Por: Rosalinda Mariño R.
Por qué no escribimos un poema en el que quepan todas las flores, todos los soles, los amores grandes de nuestras vidas y aquellos pequeños que murieron de sueño (pero que también han aportado). Los que no están a nuestro lado y pueblan el continente del olvido. Los que hemos querido que estén para siempre y han sido fugaces, veloces, raudos, breves; jugando a ser agua en las manos. Los que no desaparecen, aunque parezcan espacios en blanco, amores magos.

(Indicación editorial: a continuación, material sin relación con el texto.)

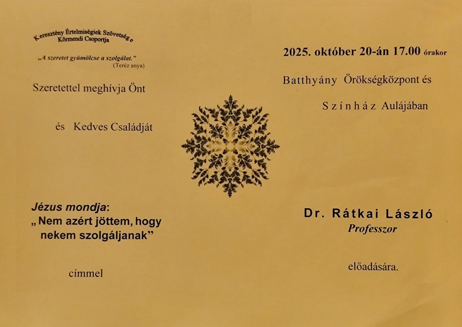 2025. október, C év"Nem azért jöttem, hogy nekem szolgáljanak..." – Dr. Rátkai László előadása2025. október 20-án a Batthyány Örökségközpont Színház aulájában a KÉSZ Körmendi Csoport szervezésében előadást tartott dr. Rátkai László az egyháztörténelem tudományok professzora, melynek címe: Jézus mondja: "Nem azért jöttem, hogy nekem szolgáljanak...". Az aula csordultig megtelt érdeklődőkkel. Professzor úr az előadásának során – tekintettel október hónapra, azaz a Szűzanya hónapjára – először a jáki templom énekkarát hallgathattuk meg. Az "Ave Regina" négy szólamú éneke hangzott fel, gyönyörűségesen. Az előadás során többször is felcsendültek a jáki énekkar Szűzanyáról szóló dalai és közös éneklésre is sor került, az előadó testvérétől, dr. Rátkai Ferenctől származó egyházi énekek közül. Hallhattunk evangéliumi részletet, melyben János és Jakab apostolok édesanyja a fiaival együtt Jézushoz járultak, azzal a kéréssel, hogy az ő két fia az Úr országában mellette ülhessen. Az édesanya, mint gyermekei legjobb szponzora, az ő felemelkedésüket próbálta szorgalmazni. Azonban az Úr Jézus válasza kitérő, ami végül is az evangéliumi részlet utolsó sora: "Az Emberfia sem azért jött, hogy neki szolgáljanak, hanem , hogy ő szolgáljon másoknak, és odaadja az életét váltságul sokakért." (Mt 20,28) Szigeti Lajosné teljes tudósítását a Szombathelyi Egyházmegye honlapján ide kattintva olvashatják el. 125 éves a Dienes Lajos Katolikus Óvoda!Dienes Júlia Facebook-oldalán emlékezett meg a Dienes Lajos Katolikus Óvoda megalapításának 125 éves évfordulójáról. A 125 év egy nagyon jelentőségteljes szám, ez nem csupán egy évforduló, hanem generációk munkájának, szeretetének, elkötelezettségének az ünnepe. Ki hitte volna, hogy ez az intézmény, amely ma is tele van élettel, nevetéssel, játékos hangzavarral, már több, mint egy évszázada áll?! Olyan ez, mintha egy mesébe csöppentünk volna, amelyben a főhős az óvodánk, és ereje a szeretet, a tudás és a gyermekek mosolya. Óvodánk udvarán vörös levelű juharfát ültettünk e különleges nap emlékére. Intézményünknek egy szép hasonlattal élve, azt kívánom, hogy mint egy 125 éves fa, melynek gyökerei a múltban vannak, és ágai a jövőbe nyúlnak, még sokáig virágozzon és árnyékával óvja a ránk bízott gyermekeket! Köszönettel és hálával tartozunk névadónknak, Dienes Lajosnak, az Őrség híres ügyvédjének, aki fia, Dienes Zoltán Jenő korai elvesztése miatt a városra hagyta végrendeletében családi házukat, hogy az örökkön örökké kisdedóvóként működhessen! A Dienes Lajos óvoda 1900-ban nyitotta meg kapuit, Körmend városának első óvodájaként. 2022 óta pedig új névvel, Dienes Lajos Katolikus Óvodaként működik szeretettel, odaadással, Isten által ránk bízott gyermekek segedelmében. Köszönettel tartozom első sorban szeretett intézményünk kollektívájának a munkájáért. Ezután az óvoda igazgatónője hálás köszönetét fejezte ki a felajánlásokért, támogatásokért:
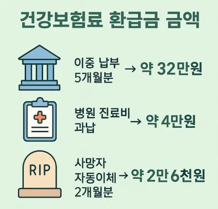 - 요양급여 초과납부: 병원에서 진료를 받은 후 본인부담금이 과도하게 청구된 경우.
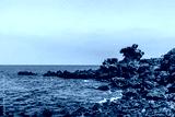 JEJU ISLAND, KOREA, SOUTH - Apr 04, 2016: Yongduam Rock on the Jeju Island surrounded by the sea during the sunset in South Korea
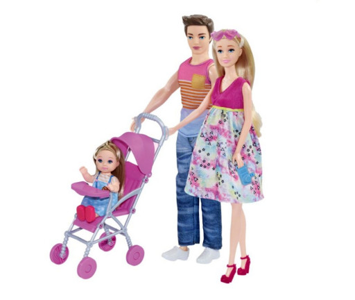 Obsahuje těhotnou panenku s manželem, malou holčičku, miminko, kočárek, doplňky pro panenku. Panenka má v břiše malé miminko, které jde vyjmout. Bříško jde otočit na ploché, nebo těhotné s miminkem vevnitř.
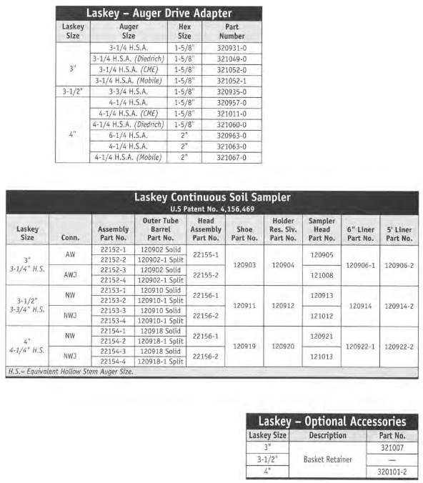 The Laskey Sampler was designed to recover continuous, relatively undisturbed soil samples when drilling with Hollow Stem augers and works similarly to the Acker Oenison Soil Sampler.
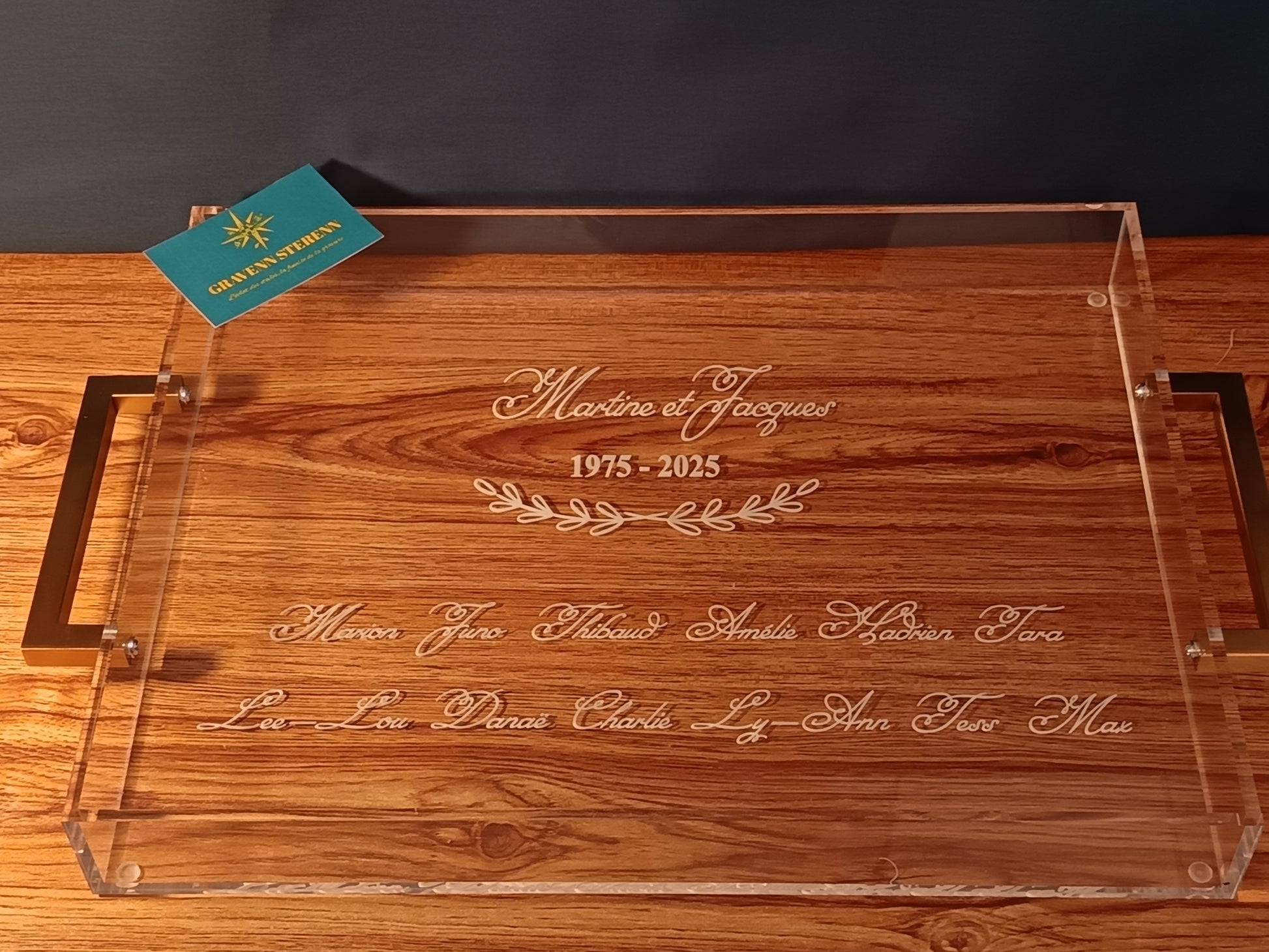 Description : Un magnifique plateau de service en plexiglas gravé… ses poignées dorées lui donnent un côté très chic et raffiné, vous avez là le cadeau original par excellence pour de très nombreuses occasions. Pour gâter une maman, une grand-mère, une famille,… Pour offrir comme cadeau de mariage, de fiançailles, d’anniversaire de mariage, de pendaison de crémaillère,… ou tout simplement pour vous faire plaisir !

Aquellos que hablan de silencio y camino. Y los que siguen vivos en el sistema circulatorio, reinando en la vena cava.
Pero no se acaba lo que cabe en un poema. Caben los mares y sus peces por escribirse, caben los grises y las quimeras, las penas, la boca enorme de la ballena y diez millones de buques en fila. Cabe el tiempo que me obnubila y me hace confundir historia con instante. Bendito instante y la magia que esconde, momento diminuto de reloj en pausa, poderosa palabra, señal de humo, pequeño mundo en que nada falla; pequeño, pero valioso para el recuerdo.
Por eso leo el mensaje sin tinta, porque el truco está en el detalle y es suficiente un segundo, porque la emoción es ahora y no hay hora para creer. Uno simplemente cree. Cree y da por cierto que aquellos ojos son buen puerto. De acuerdo, mucho me equivoco y habito ojos cerrados, errados, o dormidos. Y quién dice que ellos no se equivocan también. Uno erra con la piel, y con la boca, y con los versos.
Pero este reto llamado vida se trata de aceptar las heridas y sembrarles flores. Para luego intentar un poema en el que quepan todas ellas, todos los soles; los grandes amores y aquellos pequeños que murieron de sueño, quizás tragados por el bostezo de la ballena. Ojalá salvados por diez millones de buques en fila.